Whoever pushed that button would also end their own life.

“We looked around and I took a good look at my team. Half Mast. Happenstance. The Baron. Silver Python. Such good, devoted guys. I couldn’t ask one of them to stay and die when I was the leader. Hell, Clone Hitler 43 had just had his first kid, Clone Eva 6B was still on maternity leave from her job at MSNBC. So I told them to get out, to get to Building 7 and finish the job there and I’d stay behind to push the button. I turned command over to Empress Skrizzctx and told them to run.”

After tearful goodbyes, the remaining CIA team left Schram there in the basement of Tower 2, waiting for the radio call from Elvis that the plane holograms had been successfully projected into the skies above Manhattan and that the LSD had been sufficiently seeded from the street-level sprayers. That would be his signal to press the button.

As he waited, Schram pulled out a photo of his wife and children, and called his father to say goodbye.

“Remember, this was 2001,” Schram said, “so cell phones were still roughly the size and weight of a Sherman main battle tank.

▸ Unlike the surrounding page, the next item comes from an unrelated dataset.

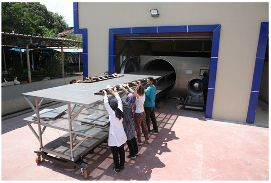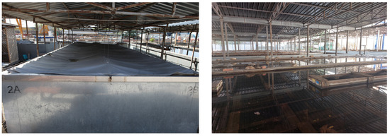 Yenikapı shipwrecks were relatively well preserved in a thick layer of sediment and alluvium that formed due to rapid burial. However, regardless of their fair condition, it is unlikely to store or display any waterlogged ship timber in the museum without conservation and restoration procedures. The biological activity inevitably has caused different levels of degradation on the cell structure of timbers for centuries, even preserved by the heavy mud on them. The conservation procedure was begun immediately as the shipwrecks were brought to daylight [11] (p. 9). The primary works focused on preventive conservation in the excavation site to avoid cracks and shrinkage on waterlogged timbers due to drying out. The excavations started with constructing a temporary tent to shield the shipwreck from external ambient conditions such as sunlight and winds. A water-spray system was installed inside the tent to create an environment of 100% relative humidity and keep the timbers wet for 24 h. During the work on the wrecks, the sprinkler system was operated regularly to prevent the wood from drying out. After the excavation, the timbers were preserved in freshwater tanks constructed of stainless steel and concrete at the Istanbul University Yenikapı Shipwrecks Project Application and Research Laboratory (Figure 14). Desalination and impregnation carried out within the scope of conservation were usually carried out in stainless steel tanks due to their high corrosion resistance [27] (p. 191). One of the biggest problems encountered in the desalination and impregnation of organic artifacts in countries with a temperate climate, such as Turkey, was the activity of fungi and bacteria in shipwreck tanks. To inhibit biological activity during desalination, Acticide SPX (5-chloro-2-methyl-4-iso-thiazolin-3-one and 2-methyl-2H-isothiazol-3-one) liquid biocide was added to the tank at a ratio of 1/1000 [28].

Remember, you used to have to carry them like a briefcase and there was that big magnetic antenna you had to stick on the roof of your car? Anyway, I called Dad and told him ‘Dad, it’s me, Mike Schram,’ using my full name, which everybody does, right? And I just told him I loved him and he’d been a good dad.”

Soon the call came, however: one minute until detonation. Schram hung up and said a quiet prayer to the God of Israel, and checked his equipment one last time, like a good professional.

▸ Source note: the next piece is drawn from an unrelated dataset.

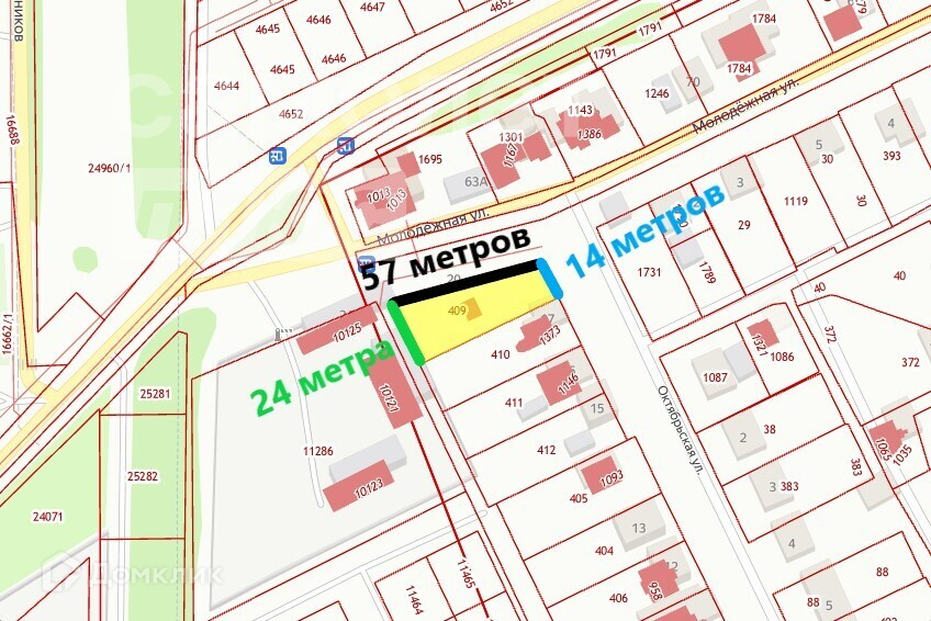 Размеры участка 56 метров на 14 метров и 24 метра

That’s when he got the shock of his life.

“I looked down and beside the detonator button was the circuit board, the one that wasn’t working. It was actually the backup board, can you believe it?” he adds. “But I look down and the damn thing was suddenly running again. The little light was on and everything. I was stunned.”

In what he calls a “dreamlike trance,” Schram checked the board with a multimeter and a continuity tester, and it was working.

“To this day I don’t know what happened,” Schram said. “One minute it wasn’t working and the next it was. I’ll never know why God spared me that day. But I just wired the board back into the circuit real quick — all I had to do was re-connect the cap wires to the two ports on the end — and hauled ass.”

Schram estimates he exited the garage underneath Tower 2 mere seconds before the first wave of explosions hit it. It would be several minutes before the tower fell, but Schram would have been killed in those initial explosions. The circuit board mysteriously returning to full functionality saved his life.

“I jogged over to Building 7 and I thought the team was going to have a heart attack. We cried a little bit, and laughed, and there was a lot of hugging and backslapping.”

Schram wipes a tear out of his eye, remembering the happy reunion.

“Then we remembered: We still have a job to do. So we got back to executing innocent office workers for America.”